Crue's journey brings changes for hard rockers

The bassist says the debauchery backstage has toned down.
Arguably one of the strongest co-headlining shows in years, this summer's Root of all Evil Tour featuring Aerosmith and Motley Crue is a match of unimaginable debauchery. The powerful bill comes to the Pittsburgh area Saturday at Post Gazette Pavilion.
Comparable in style and shenanigans, both bands share a common bond of redemption, having nearly fallen into obscurity only to rebound into sold-out arenas. It's an unlikely journey that unites these two hard-rock giants.
"I think all bands have to go through hills and valleys," said Motley Crue bassist Nikki Sixx, calling from his home in Los Angeles. "There was a time when Aerosmith was done as far as people in the industry were concerned. And then they got rediscovered by a new audience. It's the same thing with Motley."
When it began
The resurgence of Motley Crue -- Sixx, Tommy Lee (drums), Vince Neil (vocals) and Mick Mars (guitar) -- began more than a year and a half ago with the Red, White and Crue Tour 2005 -- Better Live Than Dead. The bassist said as the tour crisscrossed the States, he saw audiences made of "young'ens, strippers, porno stars, rednecks, the goth kids and the heavy metal kids."
The audience isn't the only thing that has changed for the band over the years. The backstage extracurricular activities have been toned down.

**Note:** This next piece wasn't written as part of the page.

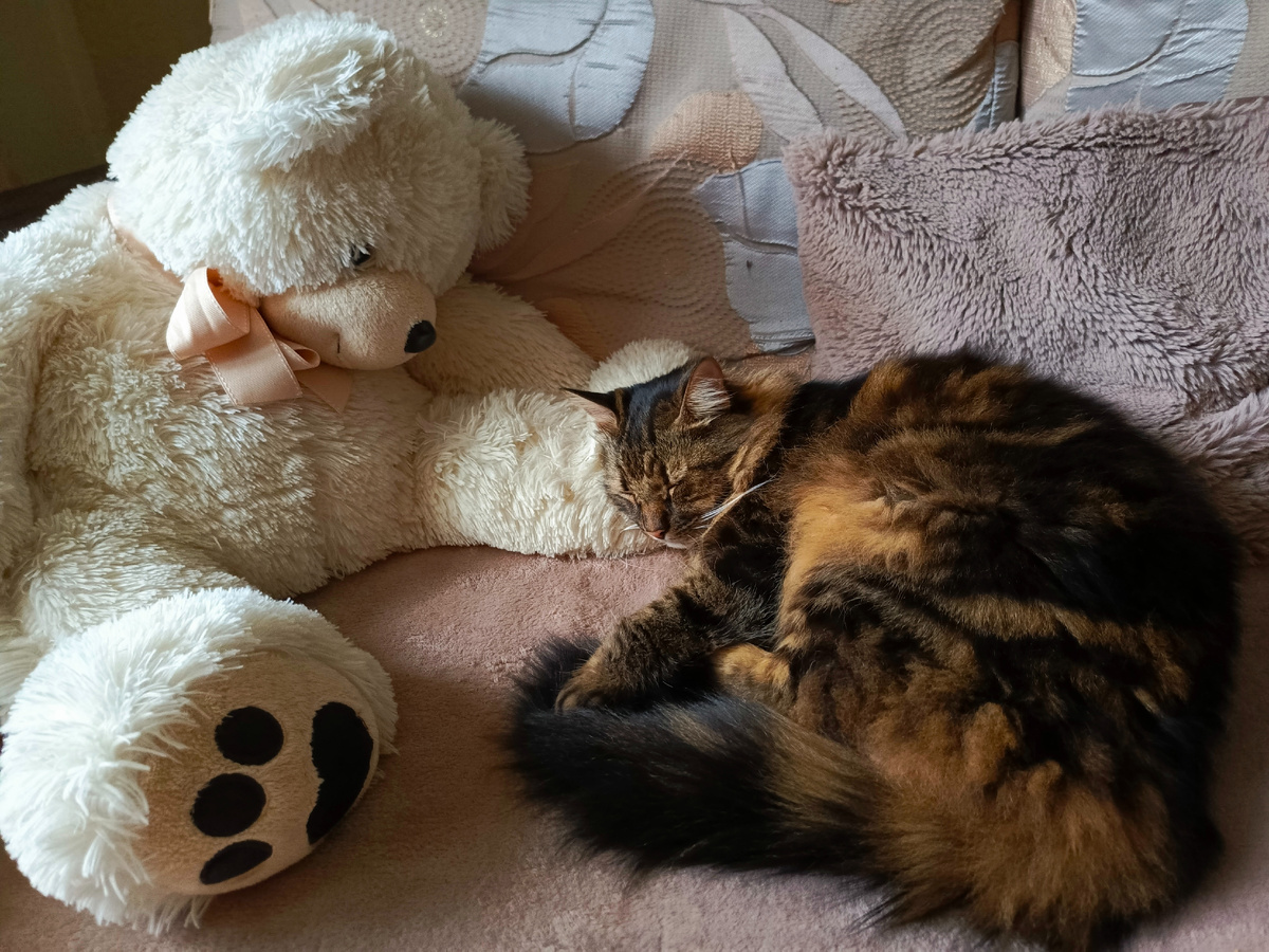 Всем привет! С вами Кузя Кусалочкин и сегодня расскажу какой я молодец. После того как я устроил веселую ночь хозяевам, они не выспались и злились, решил больше их пока не доставать и вести себя прилично. С утра получил свой паштетик и таблетку, ушел спать с мишкой: Использовал его лапу как подушку: Спал, а хозяйка своими делами занималась. Потом я проснулся и мне стало скучно, пришел к хозяйке. В итоге она меня погоняла по квартире, поскакал, чуть не свалился с гладильной доски, потыгыдыкал. Устал немного, опять спать лёг. Кстати, шарики начинают сдуваться и это радует: Вечером хозяин уделил мне внимание, много внимания, очень много, устал я от этого внимания. Вот по мордахе даже видно: Я лег спать, но спать мне не дали. Хозяин взял к себе и начал тискать, говорить "доброе утро" и пытался рассказать историю "мур-мур фур-фур". Так себе истории у него получаются. А это я уже прошу помощи у хозяйки, в глазах читается "спасити памагити" В итоге я устал и хорошо спал всю ночь, людишки то

"It's definitely different," Sixx said. "There are elements of debauchery on tour, like there is for anybody. But there's also the other element that it's business and there are people in the band who have families and sometimes the families are out and the kids are out, so I think we're able to balance that quite well."
Despite 14 months on the road, Sixx said the opportunity to come back out for another tour leg and join Aerosmith -- its first jaunt with the Boston group -- was too good to pass up.
Perhaps more importantly, the Crue wants to keep its name out there with many projects in the works, including Sixx's autobiography "The Heroin Diaries: A Year in the Life of a Shattered Rock Star" due out next year and his new clothing line, Royal Underground.
Focus of attention
While there is talk of a new Crue studio album, all band attention is focused on its high-profile MTV Films/Paramount silver screen project due to go into production this fall for a 2007 release. The biopic is based on the band's autobiography "The Dirt."
"We want it to be edgy and gritty," Sixx said. "We want it to be saturated in look, in storyline and have a truth in it. We don't want it to be a rock star movie. We want it to be a very powerful story of survival."
While the Crue's walk on the wild side is worthy of VH-1 "Behind the Music" attention, what remains to be seen is whether it becomes a box-office success.
"It's always the right time for a great story," Sixx said. "The Johnny Cash story ["Walk the Line"], if you wanted to be a marketing person, you'd probably would have said it should have happened while he was alive when he could have cross-promoted it and wrote new songs for it. But it happened when it happened and the right actors played the right parts and it's a great movie. The same with the Ray Charles movie ["Ray"]. So when is the right time? I don't know."
He added, "We're all still alive. [So] We have one thing going for us but we have a tour to get in before the movie is out so things could change."